WHAT YOU ARE ASKED TO DO – Print only the lines below, from the very first to the one containing "- Presenting Samisha", exactly as they stand. Do not print pictures.

DATA SHOWN –
——

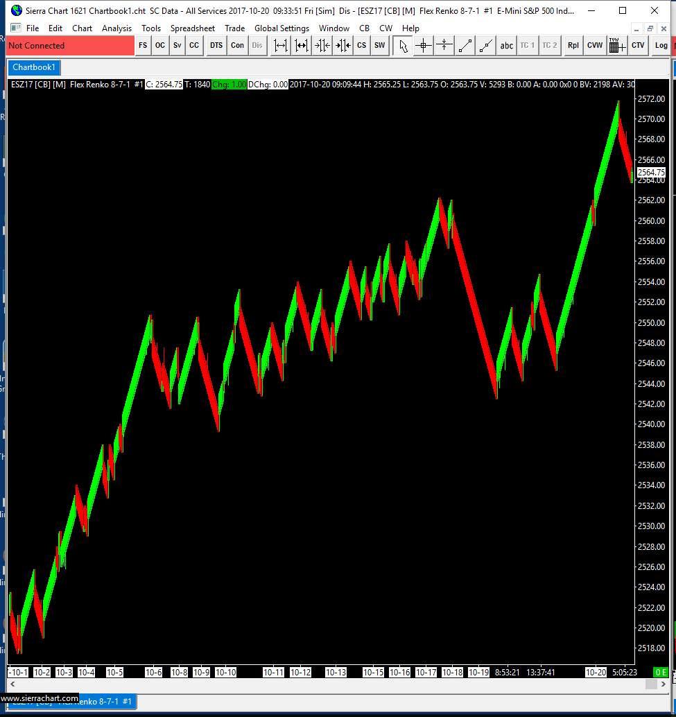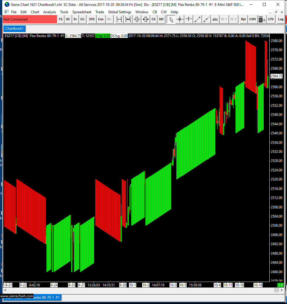 You need to disable New Bar at Session Start in Chart >> Chart Settings. We are sure there is not a problem with Flex Renko bars in 1625. We are not here to make Renko bars work exactly like they did in the prior version. Do not count on that. We are here to properly implement Renko bars according to specifications and according to how Sierra Chart normally creates chart bars. Please understand that. They are properly implemented at this time. That we are certain of. If there is an issue, the charts you provided do not provide any evidence of that because we cannot use a comparison to what existed previously as a basis. The basis must be an explanation of the underlying tick by tick data, in relation to the documentation and what you then see with the current version for Flex Renko bars. The previous implementation of Renko bars had at least one issue, and was not a proper implementation. It was done by one of our other programmers who is no longer with us and who did not implement these consistent with other chart bars in Sierra Chart, and the code was not of the best quality to put it kindly. It had to be rewritten. Sierra Chart Support - Engineering Level Your definitive source for support. Other responses are from users. Try to keep your questions brief and to the point. Be aware of support policy: https://www.sierrachart.com/index.php?l=PostingInformation.php#GeneralInformation For the most reliable, advanced, and zero cost futures order routing, *change* to the Teton service: Sierra Chart Teton Futures Order Routing Date Time Of Last Edit: 2017-10-20 19:34:58
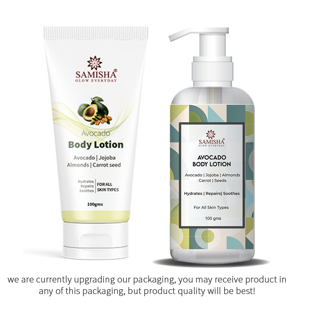 - Presenting Samisha Organic Avocado Body Lotion, which promotes even complexion and has anti-aging benefits. This organic body lotion for dry skin is light, absorbs quickly into the skin, and gets to work immediately, giving the skin the hydration it craves. Its made with all natural ingredients like Natural ingredients like almond oil, carrot seed oil, Shea Butter and Olive Oil which are excellent for skin healing and balancing the skin’s pH.
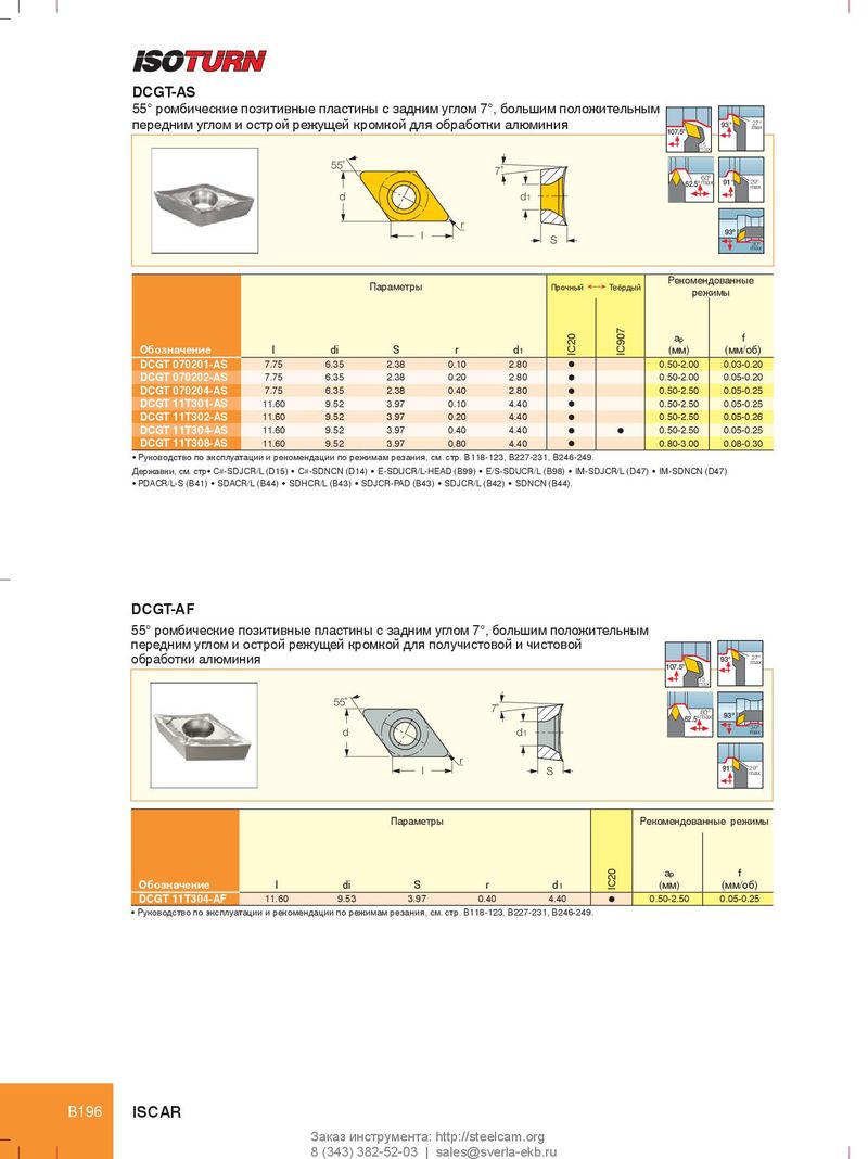 DCGT-AS 55° ромбические позитивные пластины с задним углом 7°, большим положительным передним углом и острой режущей кромкой для обработки алюминия 93° 27° max 107.5° 15∞ max 55˚ 7˚ 60° 62.5° max 91° 29° max d d 1 r 93º l S 30º max Рекомендованные Параметры Прочный Ö Твёрдый режимы a p f Обозначение l di S r d 1 IC20 IC907 (мм) (мм/об) DCGT 070201-AS 7.75 6.35 2.38 0.10 2.80 l 0.50-2.00 0.03-0.20 DCGT 070202-AS 7.75 6.35 2.38 0.20 2.80 l 0.50-2.00 0.05-0.20 DCGT 070204-AS 7.75 6.35 2.38 0.40 2.80 l 0.50-2.50 0.05-0.25 DCGT 11T301-AS 11.60 9.52 3.97 0.10 4.40 l 0.50-2.50 0.05-0.25 DCGT 11T302-AS 11.60 9.52 3.97 0.20 4.40 l 0.50-2.50 0.05-0.26 DCGT 11T304-AS 11.60 9.52 3.97 0.40 4.40 l l 0.50-2.50 0.05-0.25 DCGT 11T308-AS 11.60 9.52 3.97 0.80 4.40 l 0.80-3.00 0.08-0.30 • Руководство по эксплуатации и рекомендации по режимам резания, см. стр. B118-123, B227-231, B246-249. Державки, см. стр• C#-SDJCR/L (D15) • C#-SDNCN (D14) • E-SDUCR/L-HEAD (B99) • E/S-SDUCR/L (B98) • IM-SDJCR/L (D47) • IM-SDNCN (D47) • PDACR/L-S (B41) • SDACR/L (B44) • SDHCR/L (B43) • SDJCR-PAD (B43) • SDJCR/L (B42) • SDNCN (B44). DCGT-AF 55° ромбические позитивные пластины с задним углом 7°, большим положительным передним углом и острой режущей кромкой для получистовой и чистовой обработки алюминия 93° 27° max 107.5° 15∞ max 55˚ 7˚ 60° 62.5° max 93º 30º d d 1 max r l 91° 29° S max Параметры Рекомендованные режимы a p f Обозначение l di S r d 1 IC20 (мм) (мм/об) DCGT 11T304-AF 11.60 9.53 3.97 0.40 4.40 l 0.50-2.50 0.05-0.25 • Руководство по эксплуатации и рекомендации по режимам резания, см. стр. B118-123, B227-231, B246-249. B196 ISCAR Заказ инструмента: http://steelcam.org 8 (343) 382-52-03 | sales@sverla-ekb.ru
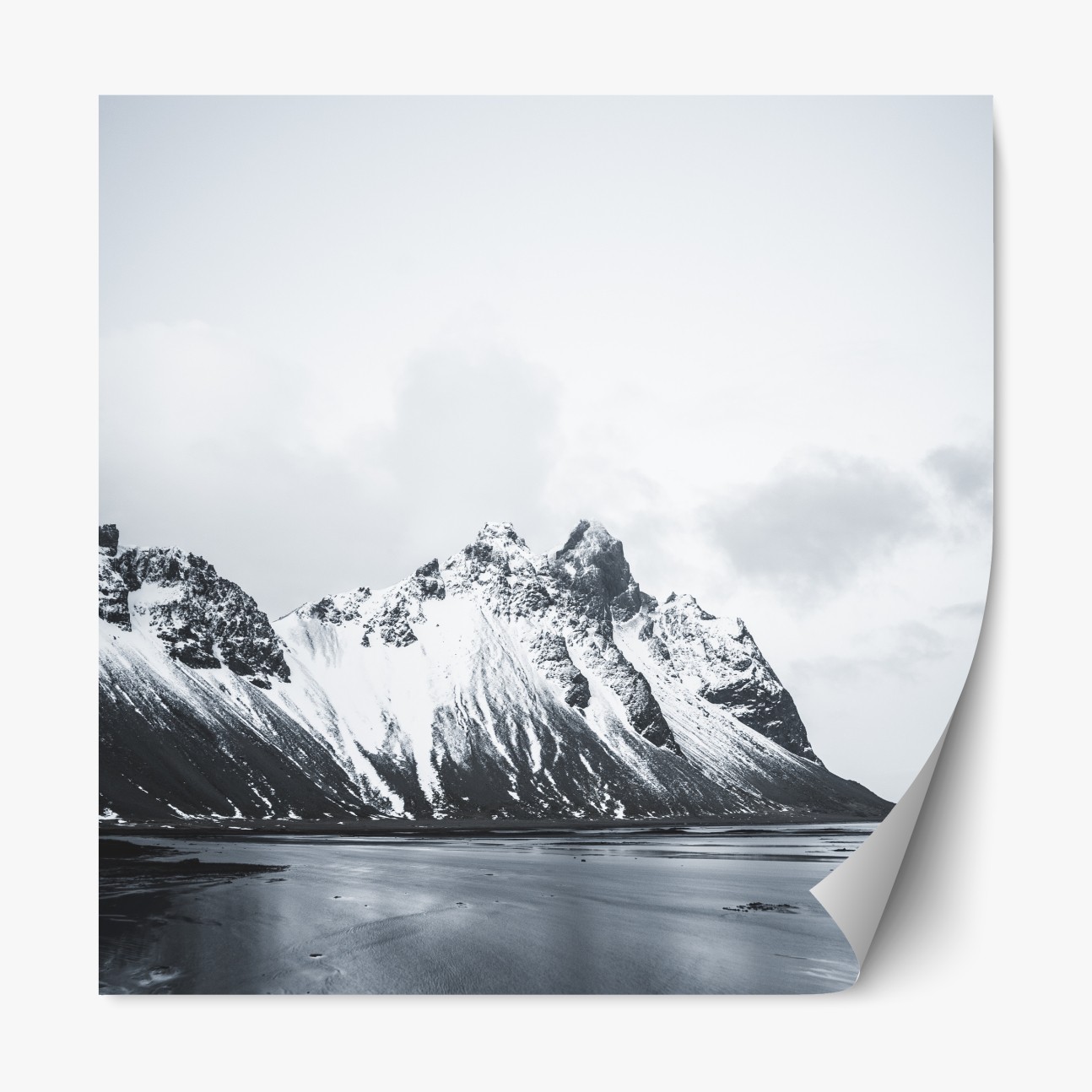 Naklejka repozycjonowalna Spokojny ośnieżony krajobraz górski nad morzem

——

SOLUTION TO THIS PROBLEM –
 You need to disable New Bar at Session Start in Chart >> Chart Settings. We are sure there is not a problem with Flex Renko bars in 1625. We are not here to make Renko bars work exactly like they did in the prior version. Do not count on that. We are here to properly implement Renko bars according to specifications and according to how Sierra Chart normally creates chart bars. Please understand that. They are properly implemented at this time. That we are certain of. If there is an issue, the charts you provided do not provide any evidence of that because we cannot use a comparison to what existed previously as a basis. The basis must be an explanation of the underlying tick by tick data, in relation to the documentation and what you then see with the current version for Flex Renko bars. The previous implementation of Renko bars had at least one issue, and was not a proper implementation. It was done by one of our other programmers who is no longer with us and who did not implement these consistent with other chart bars in Sierra Chart, and the code was not of the best quality to put it kindly. It had to be rewritten. Sierra Chart Support - Engineering Level Your definitive source for support. Other responses are from users. Try to keep your questions brief and to the point. Be aware of support policy: https://www.sierrachart.com/index.php?l=PostingInformation.php#GeneralInformation For the most reliable, advanced, and zero cost futures order routing, *change* to the Teton service: Sierra Chart Teton Futures Order Routing Date Time Of Last Edit: 2017-10-20 19:34:58
 - Presenting Samisha Organic Avocado Body Lotion, which promotes even complexion and has anti-aging benefits. This organic body lotion for dry skin is light, absorbs quickly into the skin, and gets to work immediately, giving the skin the hydration it craves. Its made with all natural ingredients like Natural ingredients like almond oil, carrot seed oil, Shea Butter and Olive Oil which are excellent for skin healing and balancing the skin’s pH.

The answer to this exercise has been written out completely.